■ **EXERCISE GOAL**:
Begin your copy at the line holding "Unatoč pozitivnoj percepciji" and end it at the last line of the listing. Keep every line exact and leave out the pictures.

■ **DATASET CONTENT**:

※ ※ ※

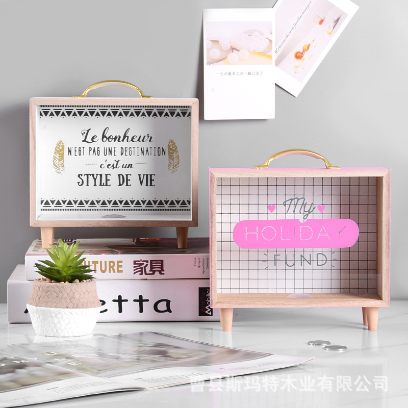 ins internet celebrity saving box large capacity wooden children money box change coin storage box table decorative ornaments
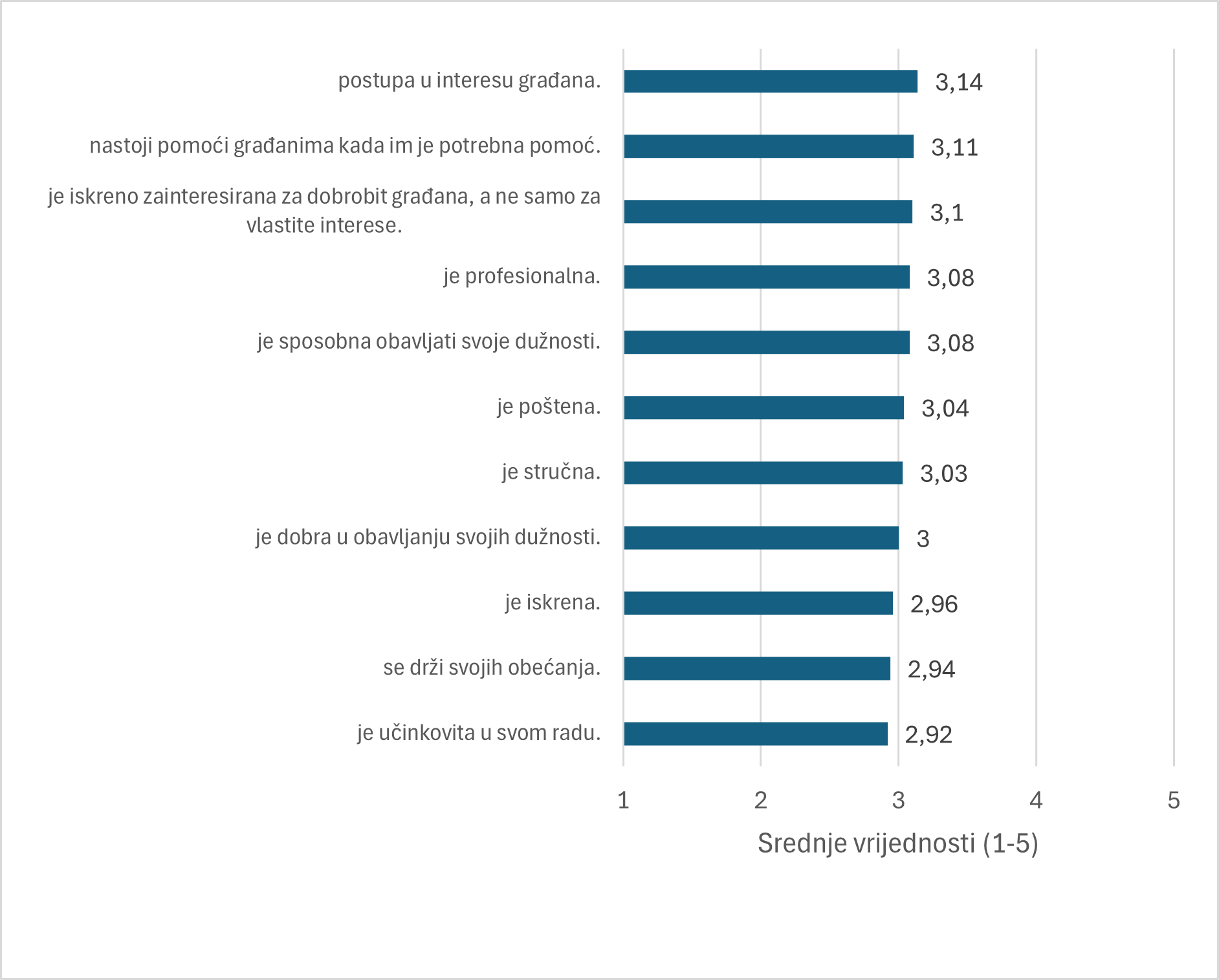 Unatoč pozitivnoj percepciji učinaka i relativno visokoj prihvaćenosti odluka, razina povjerenja u lokalnu vlast je i dalje umjerena (M = 3,04). Građani u većoj mjeri vjeruju da lokalna vlast djeluje u njihovu interesu, ali istodobno izražavaju rezerve u pogledu njezine učinkovitosti i dosljednosti u ispunjavanju obećanja. Ovakav rezultat upućuje na to da pozitivni ishodi pojedinih politika nisu dovoljni za izgradnju općeg povjerenja u institucije, koje je uvjetovano širim društvenim i političkim kontekstom (Ardanaz i sur., 2022).
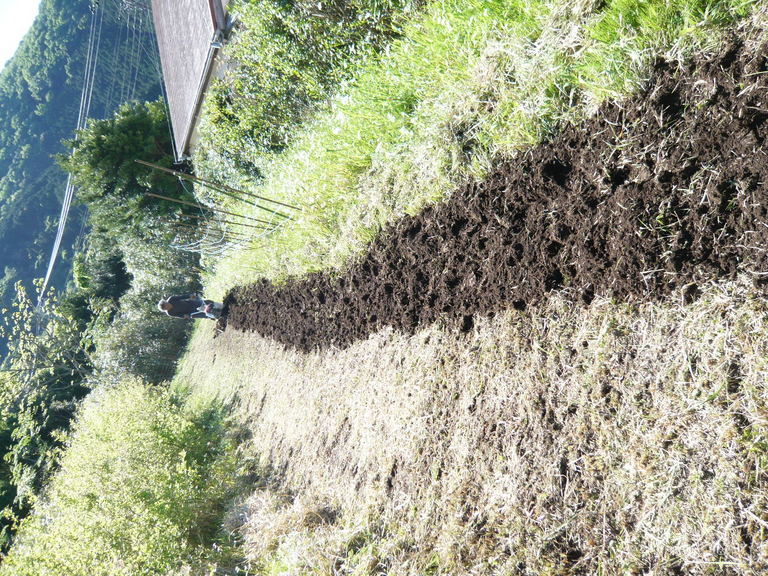 朝7:00に土屋圃場に行きました。4月初めに定植した政田農園の1本種の蔓が30cmほど延びていました。他にも4本ほど延びています。そろそろ蔓の養生が必要です。また、何か獣の足跡が見つかりました。猪?鹿?猫?獣害対策も考えなくてはいけませんかね?

※ ※ ※

■ **THE COMPLETED TASK**:
 Unatoč pozitivnoj percepciji učinaka i relativno visokoj prihvaćenosti odluka, razina povjerenja u lokalnu vlast je i dalje umjerena (M = 3,04). Građani u većoj mjeri vjeruju da lokalna vlast djeluje u njihovu interesu, ali istodobno izražavaju rezerve u pogledu njezine učinkovitosti i dosljednosti u ispunjavanju obećanja. Ovakav rezultat upućuje na to da pozitivni ishodi pojedinih politika nisu dovoljni za izgradnju općeg povjerenja u institucije, koje je uvjetovano širim društvenim i političkim kontekstom (Ardanaz i sur., 2022).
 朝7:00に土屋圃場に行きました。4月初めに定植した政田農園の1本種の蔓が30cmほど延びていました。他にも4本ほど延びています。そろそろ蔓の養生が必要です。また、何か獣の足跡が見つかりました。猪?鹿?猫?獣害対策も考えなくてはいけませんかね?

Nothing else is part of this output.